The Sept. 6 precedent-setting ruling points to the Chief Rabbinate’s growing realization that it must expand its arsenal of punitive tools against recalcitrant husbands refusing to set free their wives by granting them a get.

According to the Rabbinate, at least 150 Jewish women in Israel alone currently remain “agunot,” Hebrew for “chained” to their husbands, unable to get on with their lives. The Mavoi Satum organization that advocates for reform of Israel’s marriage and divorce laws puts the numbers far higher.

"Unfortunately, the phenomenon will not disappear," a senior rabbinical court judge told Al-Monitor, speaking on condition of anonymity. "Although not necessarily because of the courts, but precisely because of the Israeli bureaucracy that does not allow the use of rapid punitive measures."

While the rabbinical court system is aware of the plight of the aggrieved women, and has formulated a series of immediate sanctions making it difficult for husbands to continue with their lives while their wives remain bound to them, the police and civil courts, he claimed, drag their feet in enforcing such sanctions. 

Jewish law, which is binding in Israel, allows rabbinical court judges to impose various sanctions against such husbands, including exclusion from a minyan, the requisite number of 10 male worshipers needed for a prayer session, and from the ritual of blessing a Torah scroll. In some cases, the boycott even bars neighbors and fellow worshipers from greeting such husbands.

The Sept. 6 burial ruling stems from a precedent sanction that bans the Hevra Kadisha Jewish burial society from warning men who continue to resist a divorce that they would not be interred when the time comes.

When these punitive tools did not prove sufficiently effective against stubborn and vindictive husbands, rabbinical courts were handed the power to carry out effective enforcement measures as quickly as possible. For example, once divorce proceedings are instituted, the courts can prevent the husband from fleeing by banning his exit from Israel or freezing his bank accounts.

Men who continue to resist granting their wives a divorce can even be sent to jail. One man spent 19 years in jail (until 2019) over his refusal to grant his wife a get. The problem was eventually resolved when the rabbinical court annulled the marriage.

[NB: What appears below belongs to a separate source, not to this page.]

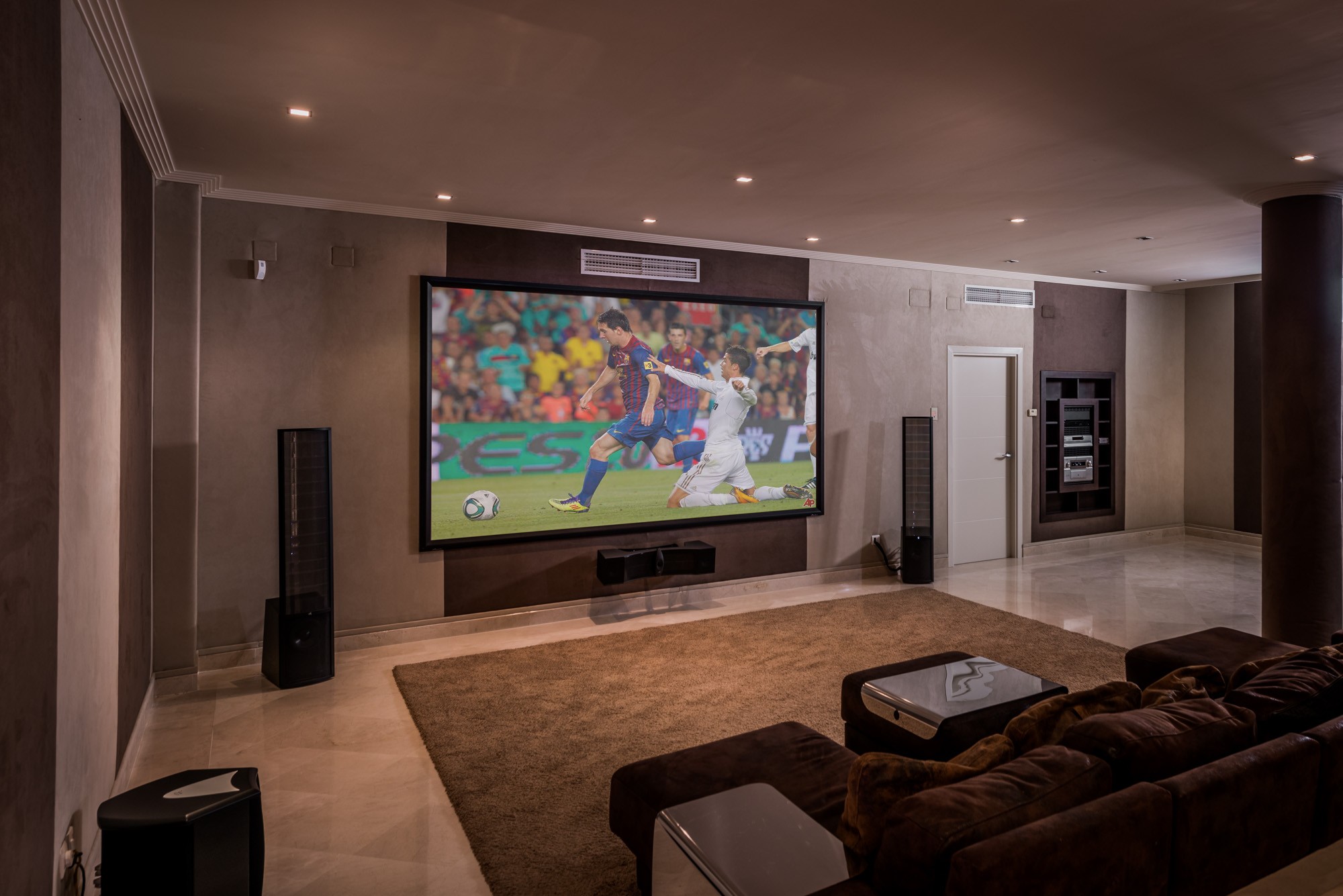 This is a house for tech-lovers, with a home automation system to control the surround sound and TV. Film buffs can make the most of the sleek sound-proofed cinema room with a full size wall-mounted screen, which features two rows of plush seats with foot stools so you can put your feet up and enjoy a movie in style.

Nonetheless, hundreds of men have managed to flee over the years to the US or other countries, where local rabbinical courts lack the authority to enforce effective punitive tools against them as they do in Israel.

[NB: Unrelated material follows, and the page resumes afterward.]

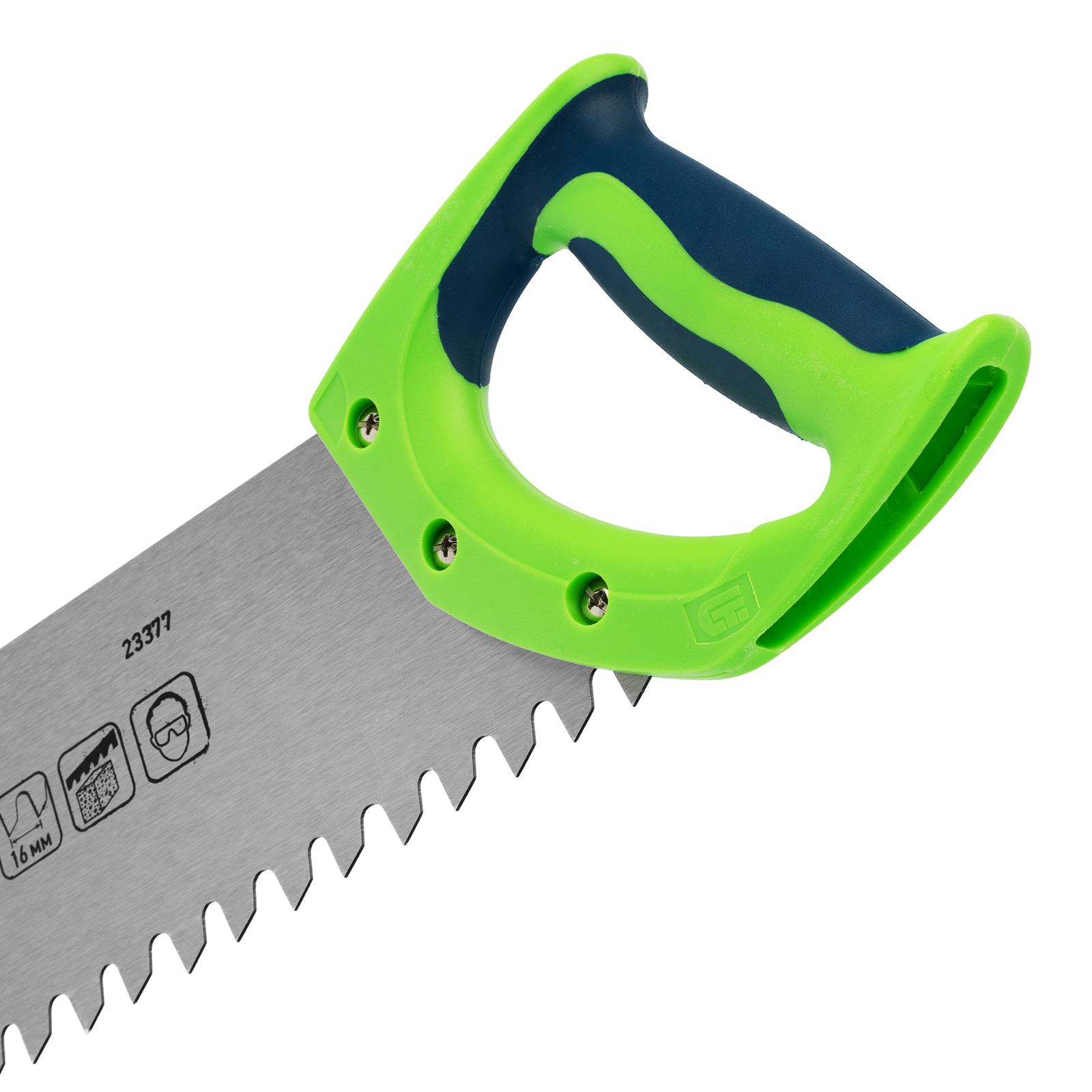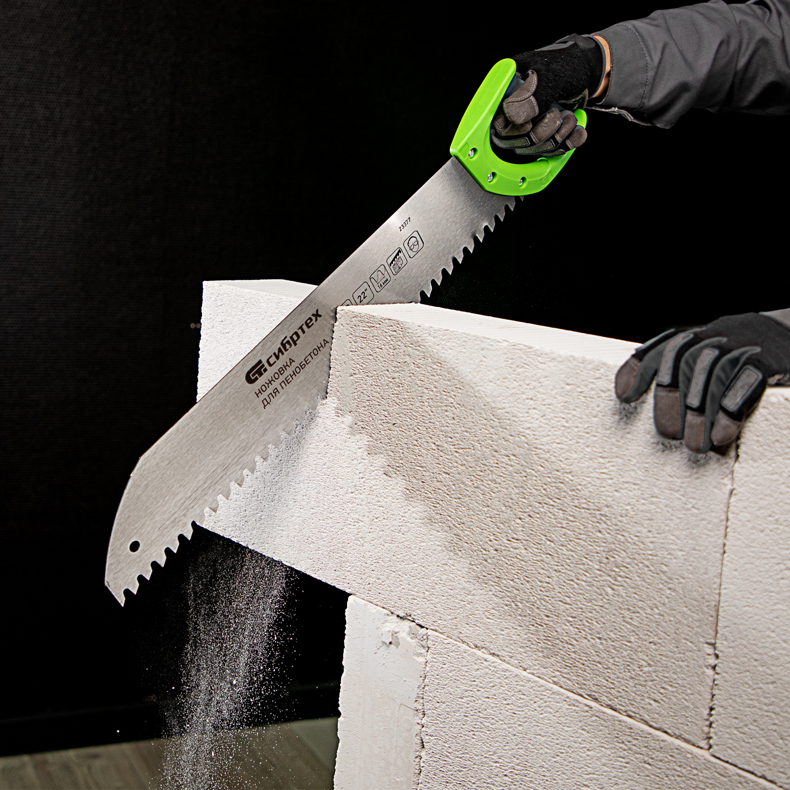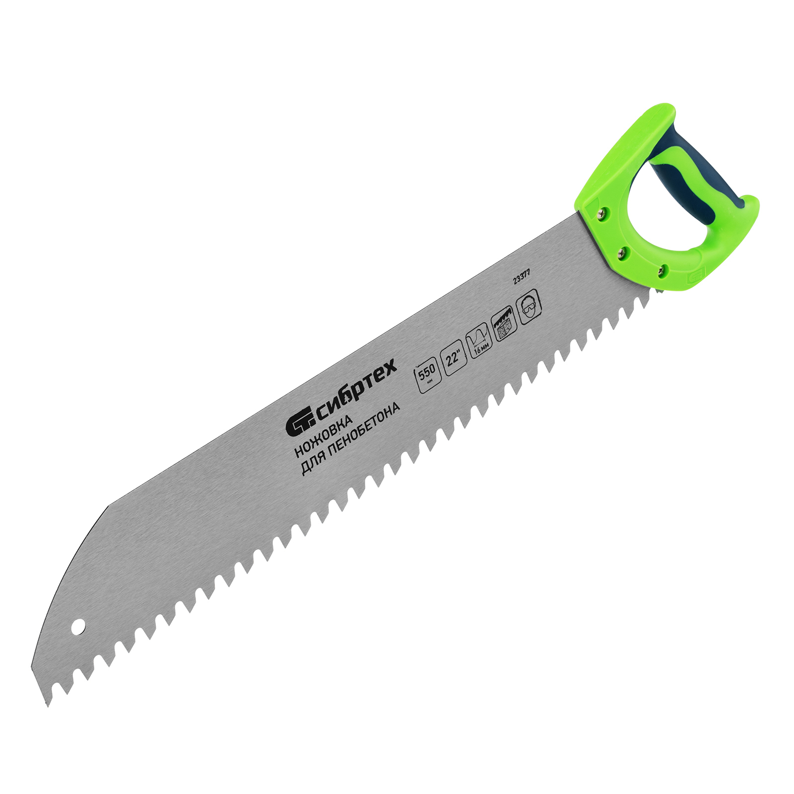 <p>Ножовка Сибртех 23377 с полотном длиной 550 мм, с двухкомпонентной рукояткой, используется для распиливания небольших блоков из пенобетона. Высокая эффективность работы достигается благодаря крупным зубьям с шагом 16 мм и двухгранной заточкой. Ножовка применяется во время строительных работ.</p><h2>Преимущества</h2><ul><li>Устойчивость к динамическим нагрузкам — полотно изготовлено из пружинной стали 65Г толщиной 1,2 мм и твердостью 45-52 HRC.</li><li>Длительный срок службы — защитное лаковое покрытие предотвращает коррозию.</li><li>Надежная конструкция — полотно закреплено в рукоятке 3 винтами.</li><li>Комфортная работа — эргономичная двухкомпонентная рукоятка обеспечивает надежный хват.</li></ul>

Annulment, which ended the marriage of the husband who spent 19 years behind bars, has only been relevant in a handful of cases. Under Jewish law, annulment is only possible if a flaw is found in the marriage proceedings themselves. But few rabbinical court judges are sufficiently well versed in this complex procedure to issue such rulings and make them stick.

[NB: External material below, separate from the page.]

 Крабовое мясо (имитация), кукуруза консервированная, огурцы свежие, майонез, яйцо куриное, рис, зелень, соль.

The Chief Rabbinate has established a special department to deal with recalcitrant husbands, sending “get hunters” to locate them and pressure them to free their wives.

The Rabbinate points to a particularly complex case involving a member of an organized crime gang who fled Israel after serving out his jail term because he heard that a rival group was intending to kill him. The man disappeared, but a rabbinical court source told Al-Monitor, on condition of anonymity, that after several years, the “get hunters” located the man in a remote village in one of the former Soviet republics. The husband, stunned to discover the rabbinical envoys and his wife on his doorstep, initially refused to grant the divorce. He only agreed after the envoys hinted that his place of hiding would be leaked to the gang looking for him, freeing the wife from his chains if he were killed. He immediately acquiesced.

Still, the rabbinate concedes, there are any number of husbands living in Israel, whose whereabouts are known but nonetheless persist in their refusal to grant their wives a divorce. It attributes the problem to a lack of coordination between the religious courts and the civil ones, saying precious time is wasted in enforcing rabbinical measures against the husbands in contempt of its rulings, while the wives pay the price.